- Exercise:
Print all the records below exactly as they stand, but leave out the pictures.

———

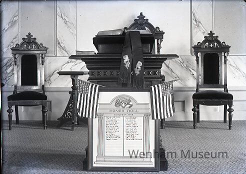 Wenham Congregational Church, Int., pulpit, chairs and WW I church Honor Roll, 137 Main St.
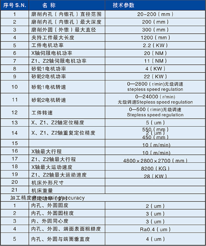 ● 本機(jī)床為三軸(X工件橫向進(jìn)給、Z1、Z2砂輪縱向運(yùn)動(dòng))二聯(lián)動(dòng)套筒及主軸專用數(shù)控磨床,主要用于磨削各類主軸及套筒的內(nèi)孔、內(nèi)錐孔、內(nèi)端面、外圓、外錐面、外端面。磨削循環(huán)均自動(dòng)完成(具有自動(dòng)進(jìn)刀、退刀、粗磨、精磨;自動(dòng)修正砂輪、自動(dòng)補(bǔ)償?shù)裙δ?。
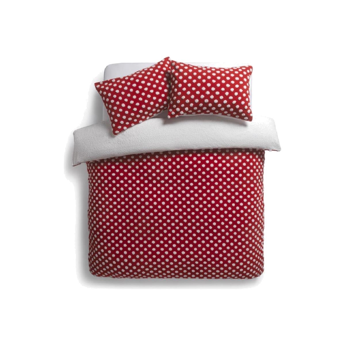 If Santa had a duvet. This delightful, dotted fleece set would be it. Too Christmassy for words this 3 piece duvet is all ready for a super snuggly sleep. It's also easy care and reversible. So don't worry if your midnight mince pies crumble or Rudolph leaves a muddy hoof print. Fun and festive, this will warmly welcome holiday house guests. Who knows, the man himself might appreciate a quick nap stop while he's there too. 3D jacquard dot and nice handle fleece. Set includes 1 duvet cover and 2 pillowcases. Machine wash as synthetic at 40 C. Suitable for tumble drying. 100% polyester. Reversible. Buttons for fastening.
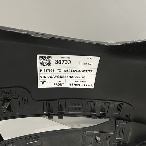 TESLA MODEL Y FRONT BUMPER 2023 2014 NON SENSOR 1687994-TX-A COLOR STEALTH GRAY MINOR SCRATCHES ALL OVER SEE MARKS FOR SCRATCHES RIGHT SIDE NEXT TO TAB BENT SEE MARK PART NUMBER MUST MATCH TO FIT Shipping Regular shipments are shipped with FedEx over size shipments (Bumpers, Hoods, Fenders, Doors) are shipped with a freight companies. Handling time is usually 1 business days. All other packages are shipped by Priority shipping. Payment We accept the following payment methods on ebay:PayPal Please contact us if you have any questions. Returns Please contact us for returns All sales are sold AS-IS with no warranty After item is returned we will refund 100% of the item price or send a replacement if available Item must be returned in original packaging and must be in exact same condition as it was sent out Products must be returned to us in their original condition and in their original packaging.
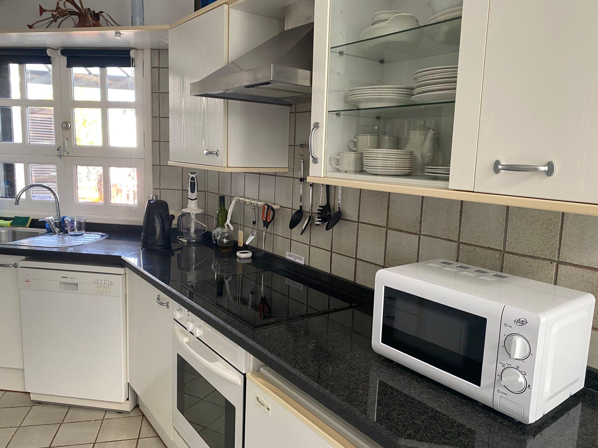 The interior of the holiday home is characterised by its well-considered furnishings to guarantee you and your loved ones a pleasant stay. Two cosy bedrooms and two bathrooms ensure that there is enough privacy for all guests. The practical side of the house is emphasised by the washing machine and dishwasher for sole use, while an existing fan provides refreshing air circulation. A kettle completes the offer, making the accommodation a true home away from home.

———

- Answer for this exercise:
 Wenham Congregational Church, Int., pulpit, chairs and WW I church Honor Roll, 137 Main St.
 ● 本機(jī)床為三軸(X工件橫向進(jìn)給、Z1、Z2砂輪縱向運(yùn)動(dòng))二聯(lián)動(dòng)套筒及主軸專用數(shù)控磨床,主要用于磨削各類主軸及套筒的內(nèi)孔、內(nèi)錐孔、內(nèi)端面、外圓、外錐面、外端面。磨削循環(huán)均自動(dòng)完成(具有自動(dòng)進(jìn)刀、退刀、粗磨、精磨;自動(dòng)修正砂輪、自動(dòng)補(bǔ)償?shù)裙δ?。
 If Santa had a duvet. This delightful, dotted fleece set would be it. Too Christmassy for words this 3 piece duvet is all ready for a super snuggly sleep. It's also easy care and reversible. So don't worry if your midnight mince pies crumble or Rudolph leaves a muddy hoof print. Fun and festive, this will warmly welcome holiday house guests. Who knows, the man himself might appreciate a quick nap stop while he's there too. 3D jacquard dot and nice handle fleece. Set includes 1 duvet cover and 2 pillowcases. Machine wash as synthetic at 40 C. Suitable for tumble drying. 100% polyester. Reversible. Buttons for fastening.
 TESLA MODEL Y FRONT BUMPER 2023 2014 NON SENSOR 1687994-TX-A COLOR STEALTH GRAY MINOR SCRATCHES ALL OVER SEE MARKS FOR SCRATCHES RIGHT SIDE NEXT TO TAB BENT SEE MARK PART NUMBER MUST MATCH TO FIT Shipping Regular shipments are shipped with FedEx over size shipments (Bumpers, Hoods, Fenders, Doors) are shipped with a freight companies. Handling time is usually 1 business days. All other packages are shipped by Priority shipping. Payment We accept the following payment methods on ebay:PayPal Please contact us if you have any questions. Returns Please contact us for returns All sales are sold AS-IS with no warranty After item is returned we will refund 100% of the item price or send a replacement if available Item must be returned in original packaging and must be in exact same condition as it was sent out Products must be returned to us in their original condition and in their original packaging.
 The interior of the holiday home is characterised by its well-considered furnishings to guarantee you and your loved ones a pleasant stay. Two cosy bedrooms and two bathrooms ensure that there is enough privacy for all guests. The practical side of the house is emphasised by the washing machine and dishwasher for sole use, while an existing fan provides refreshing air circulation. A kettle completes the offer, making the accommodation a true home away from home.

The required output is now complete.